Given information:
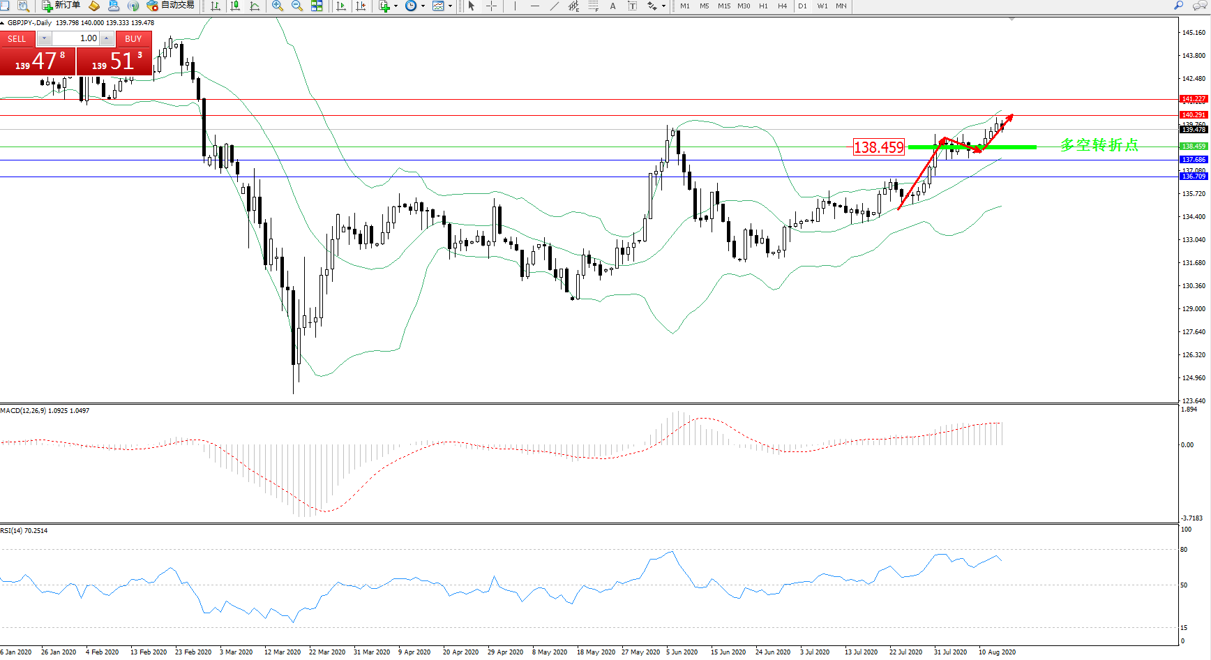 英镑兑日圆高位维持139.470附近弱势整理,日本第二季度季调后实际GDP年化季率将大幅萎缩27%,出现1955年以来最严重的萎缩;日本2020财年GDP料下滑5.6%,2021财年料增长3.7%;日本2020财年核心CPI料下降0.3%,2021年料上升0.2%,全球地缘及贸易争端对日本经济有负面影响。英国称与日本贸易谈判取得良好进展,希望很快达成协议。同时也仍对美国朝野的援助协议僵局感到担心。投资者担心,如果谈判继续无法达成妥协,将严重冲击美国未来消费者支出水平,进而引发经济衰退。
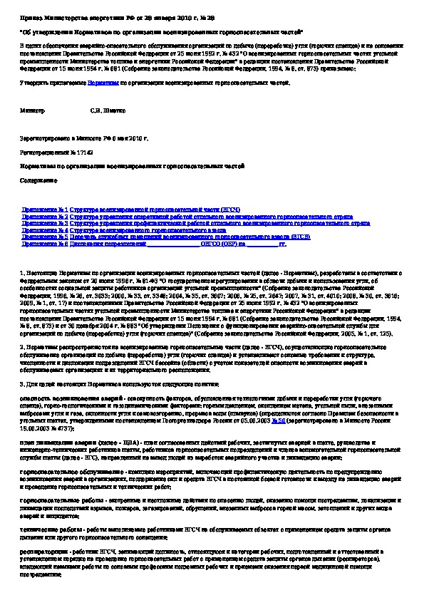 Наша цель состоит в том, чтобы предоставить вам быстрый доступ к содержанию документа Нормативы по организации военизированных горноспасательных частей.
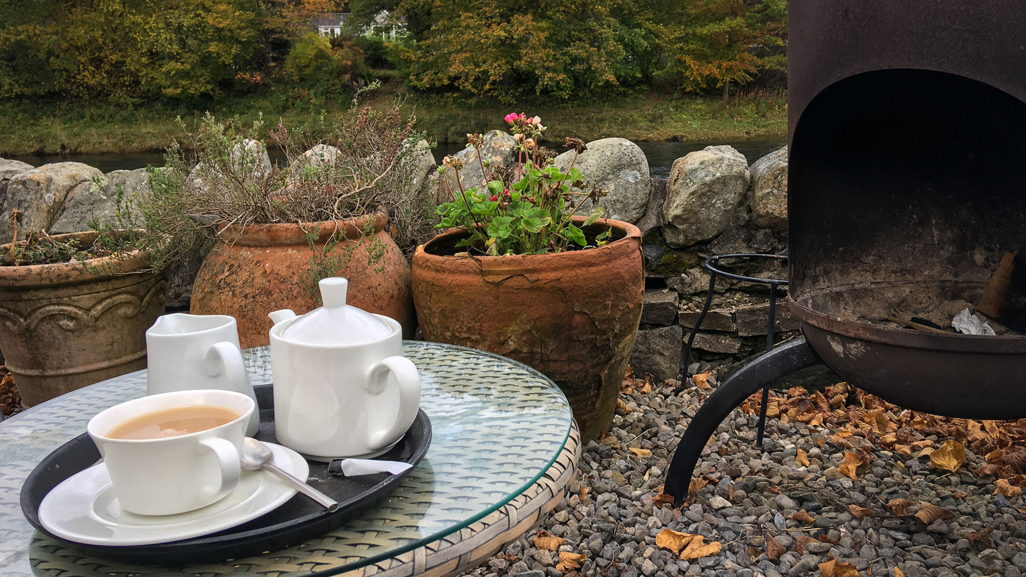 Am Morgen ist es grau, aber nicht mehr so kalt wie an den letzten 3 Tagen, bzw. Nächten. Als Erstes gibt es wieder warme Milch mit Espresso Kaffeepulver, mein spezieller Latte Macchiato. Dazu gibt es Scones und Leckereien vom Bäcker aus Aberfeldy. Und das alles gemütlich an der Picknickbank neben dem Zelt. Dann wird abgebaut. Heute ist das Zelt ausnahmsweise nicht angefroren oder nass vom nächtlichen Regen oder feucht vom Morgentau. Es wird trocken nach Pitlochry getragen.

Task brief: In your reply, every line of the material should appear exactly as written, and no picture should.

Expected answer:
 英镑兑日圆高位维持139.470附近弱势整理,日本第二季度季调后实际GDP年化季率将大幅萎缩27%,出现1955年以来最严重的萎缩;日本2020财年GDP料下滑5.6%,2021财年料增长3.7%;日本2020财年核心CPI料下降0.3%,2021年料上升0.2%,全球地缘及贸易争端对日本经济有负面影响。英国称与日本贸易谈判取得良好进展,希望很快达成协议。同时也仍对美国朝野的援助协议僵局感到担心。投资者担心,如果谈判继续无法达成妥协,将严重冲击美国未来消费者支出水平,进而引发经济衰退。
 Наша цель состоит в том, чтобы предоставить вам быстрый доступ к содержанию документа Нормативы по организации военизированных горноспасательных частей.
 Am Morgen ist es grau, aber nicht mehr so kalt wie an den letzten 3 Tagen, bzw. Nächten. Als Erstes gibt es wieder warme Milch mit Espresso Kaffeepulver, mein spezieller Latte Macchiato. Dazu gibt es Scones und Leckereien vom Bäcker aus Aberfeldy. Und das alles gemütlich an der Picknickbank neben dem Zelt. Dann wird abgebaut. Heute ist das Zelt ausnahmsweise nicht angefroren oder nass vom nächtlichen Regen oder feucht vom Morgentau. Es wird trocken nach Pitlochry getragen.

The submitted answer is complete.